====== Data provided

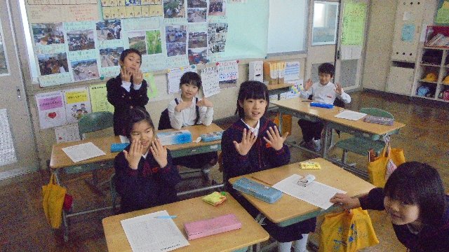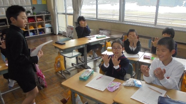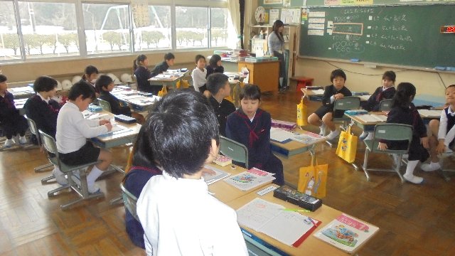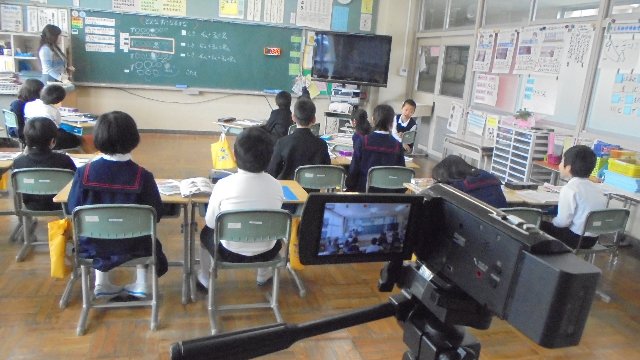 1年生が算数の勉強に頑張っています。あれっ、後ろにビデオカメラが・・・。話を聞くときは、発表する人の方をきちんと向けるよ。こんなに成長したよ、できることがたくさんあるよ、来年度につなげるため記録しました。4月に決まる2年生担任の先生に見てもらう予定です。こんなすてきな学級です。
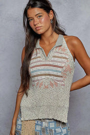 Inform when this item available POL Striped Collar Sweater Vest with Star Patch
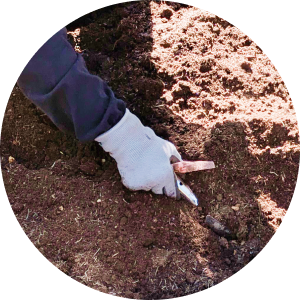 仲間と協力し、大きな庭を整える。

============

The listing is to be repeated word for word, with all pictures omitted.

> [Exercise result]
 1年生が算数の勉強に頑張っています。あれっ、後ろにビデオカメラが・・・。話を聞くときは、発表する人の方をきちんと向けるよ。こんなに成長したよ、できることがたくさんあるよ、来年度につなげるため記録しました。4月に決まる2年生担任の先生に見てもらう予定です。こんなすてきな学級です。
 Inform when this item available POL Striped Collar Sweater Vest with Star Patch
 仲間と協力し、大きな庭を整える。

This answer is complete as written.